We have presented the case of a 60-year-old Korean male patient who was infected with oseltamivir-resistant H1N1 2009, which proved lethal. Oseltamivir-resistant H1N1 2009 was first reported in September 2009, and the number of cases has been steadily increasing, including in South Korea.1,10 Although the incidence of oseltamivir-resistant H1N1 2009 infections is increasing, fatal cases have been reported only rarely. In South Korea, the present case is the first fatal one in an adult.

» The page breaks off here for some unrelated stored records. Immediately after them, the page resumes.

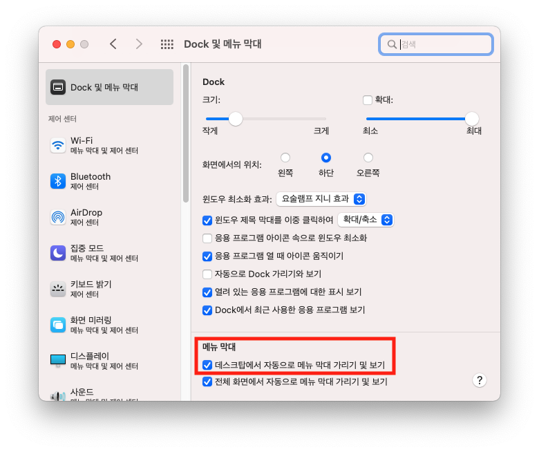 시스템 환경설정 > Dock 및 메뉴 막대 클릭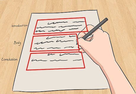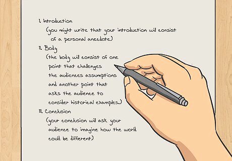 Make an outline. A good speech consists of an introduction, a body with two-to-four major points, and a conclusion. For your outline, write out a one line description of each part of your speech. For example, you might write that your introduction will consist of a personal anecdote, the body will consist of one point that challenges the audiences assumptions and another point that asks the audience to consider historical examples, and your conclusion will ask your audience to imagine how the world could be different. Your outline doesn’t need to be detailed, but it can be. Use whatever method works best for you. At the very least, write out your one-sentence summaries of each section.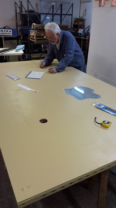 Jean-Pierre prépare le gabarit pour la pose des voies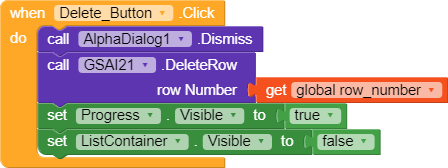 6. Delete row, all we need to know is row number which is saved from previous blocks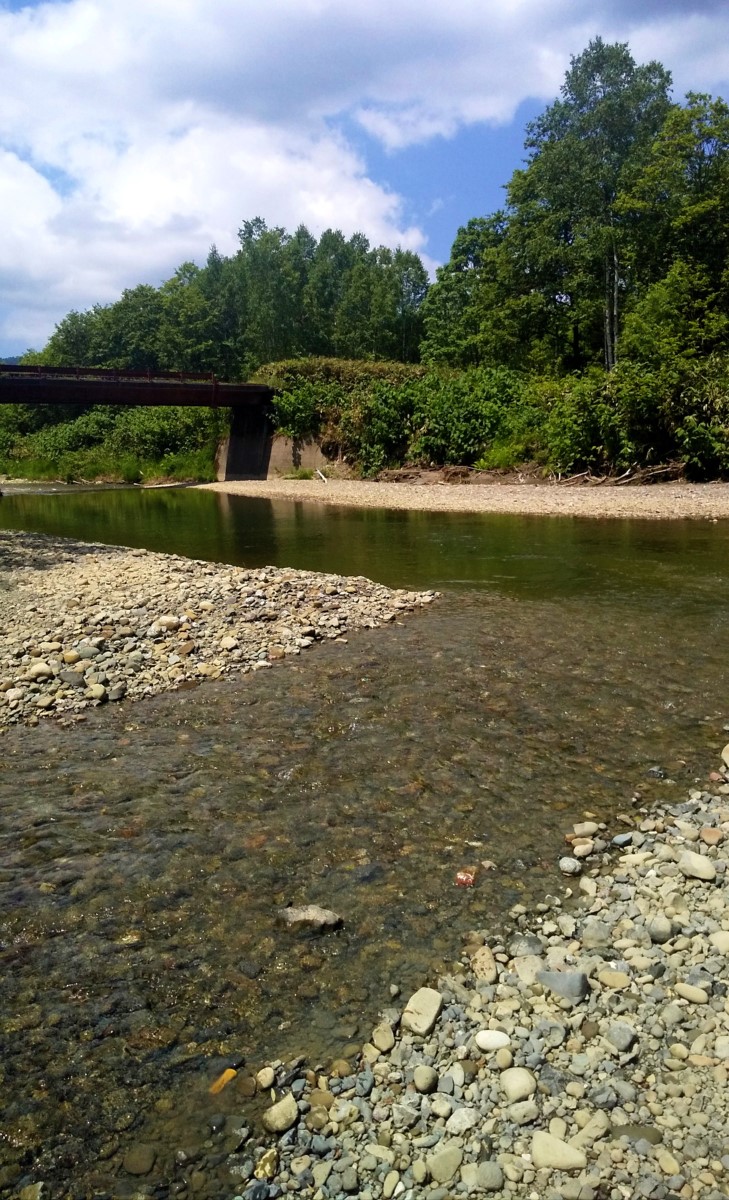 やはり湖育ちの極太ニジマスを狙いたいと思い、今度は小平ダムに流れ込む中記念別沢川に来ました。この支流は比較的水質が良かったので期待しましたが、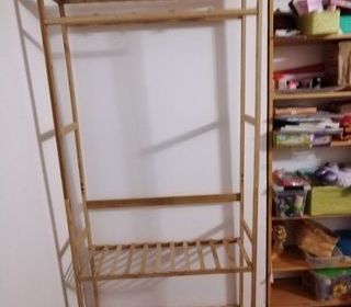 vds étagère très peu utilisée, jamais démontée, en pin clair, comprenant 2 étagères et 4 plots penderie.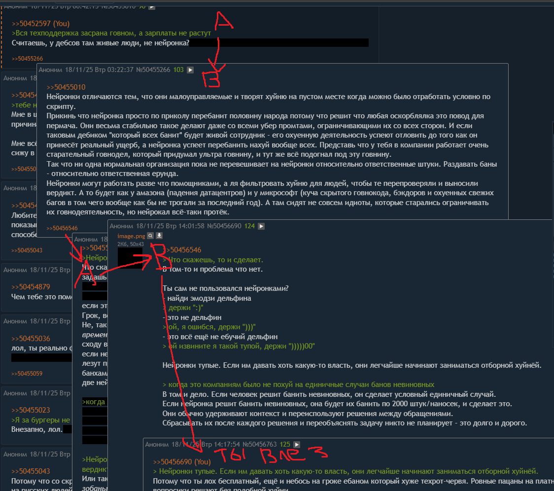 >>50455266 >Нейронки отличаются тем, что они малоуправляемые и творят хуйню на пустом месте Что скажешь, то и сделает. Скажешь банить за любые, будет банить за любые, скажешь действовать сложнее и нормально задашь правила - будет действовать сложнее (я, если что, не теоретизирую, есть опыт использования нейронок для сортировки куч инфы по множеству взаимопересекающихся признаков, справляются не идеально, но достаточно хорошо, чтобы ошибки были единичными; и давай честно, когда это компаниям было не похуй на единичные случаи банов невиновных, если эти невиновные немедийны). Грок, вон, 2д-тянку по промпту изображает и в основном норм. Не, так-то да, с нейронкой обосраться просто ("развитие технологий позволяет совершать больше ошибок в единицу времени" или как там это), если неосторожно подойти; скажем, по твоему "нейронка успеет перебанить нахуй вообще всех" сходу вопрос, а что мешает ограничивать банрейт, ну, условно, статистика по числу нарушений у дебсов наверняка имеется, и если нейронка превышает некий лимит банов в секунду/минуту/час/etc, то от банхаммера она отключается и живые челы лезут проверять, что вообще происходит (опционально плюс промежуточный, более мягкий лимит, при достижении которого банхаммер не отбирается, просто поднимается флажок, мол, чот баны активно пошли, гляньте, там точно ли все по делу). Ну две нейронки возьмите, блять, пусть вторая первую чекает и только если обе согласны, что это бан, чел реально банится. >когда можно было отработать условно по скрипту Если ты про скрипт для человека - это сравнительно дорого, а у нас же обсуждение началось с расходов (≈"работы много, а денег нормально платить нет"). Ну и кстати, можно и биороботам людям со скриптами так работу поставить (случай скриптом не предусмотрен, право на отклонение от скрипта отсутствует, второй линии поддержки с большими правами нет или перегружена, зато дешево), что они станут творить временами абсолютную дичь.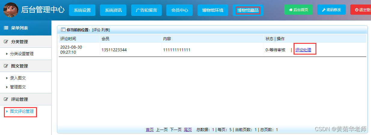 博物馆藏品评论管理:支持对评论信息审核,删除;审核后的信息用户才可见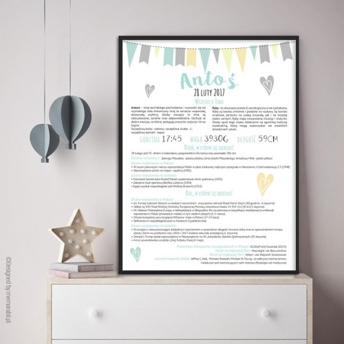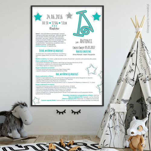 Wyjątkowe dekoracje na ścianę do pokoju dziecka.Projekty plakatów dla dziecka w KAŻDYM wieku, zarówno dla maluszków jak i nastolatków. Plakaty - metryczki urodzeniowe, metryczki roczkowe, modlitwy, cytaty lub po prostu obrazki.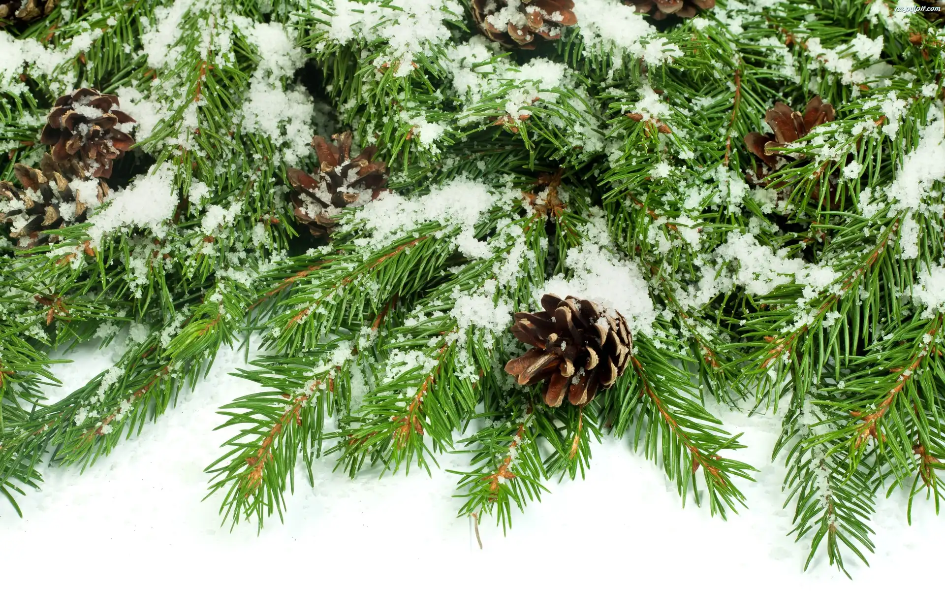 Zima, Szyszki, Świerkowe, Gałązki, Śnieg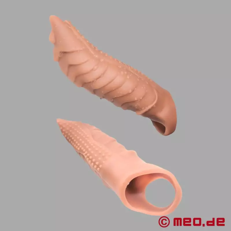 Den elastiska silikonhylsan anpassar sig perfekt till alla penisar, förstorar den märkbart och skapar ett imponerande, monstruöst utseende. Den distinkta ytstrukturen med spår, nubbar och lameller ger intensiv stimulering vid varje stötar in i anus eller vagina. Insidan av penishylsan är mjuk och smidig för maximal komfort, medan utsidan är dominant, vild och kompromisslös.

The present case shows some differences in clinical characteristics compared to previously reported fatal cases. First, unlike our case, most fatal cases of oseltamivir-resistant virus infection have occurred in patients with severe immunosuppression associated with hematologic disorders or cancer.5-7 Second, the clinical course of oseltamivir-resistant virus infection is usually insidious despite inappropriate antiviral therapy, because the virulence of oseltamivir-resistant influenza virus is thought to be lower than that of oseltamivir-sensitive viruses.8,9 Animal studies have suggested that oseltamivir-resistant H1N1 2009, as well as seasonal influenza, is less virulent and less transmissible than oseltamivir-sensitive viruses. In the present case, however, although the infection was caused by oseltamivir-resistant virus, pneumonia progressed rapidly and led to death. This suggests that some clone of oseltamivir-resistant H1N1 2009 is sufficiently virulent to cause rapidly fatal pneumonia. Third, most cases of oseltamivir-resistant virus infections have occurred in patients who had undergone prolonged oseltamivir therapy.5-9 The present patient was treated short-term with oseltamivir before acquisition of oseltamivir resistance. This highlights that oseltamivir resistance after short-term drug exposure is also possible, and that the use of zanamivir should be considered in patients with clinical deterioration, despite oseltamivir therapy.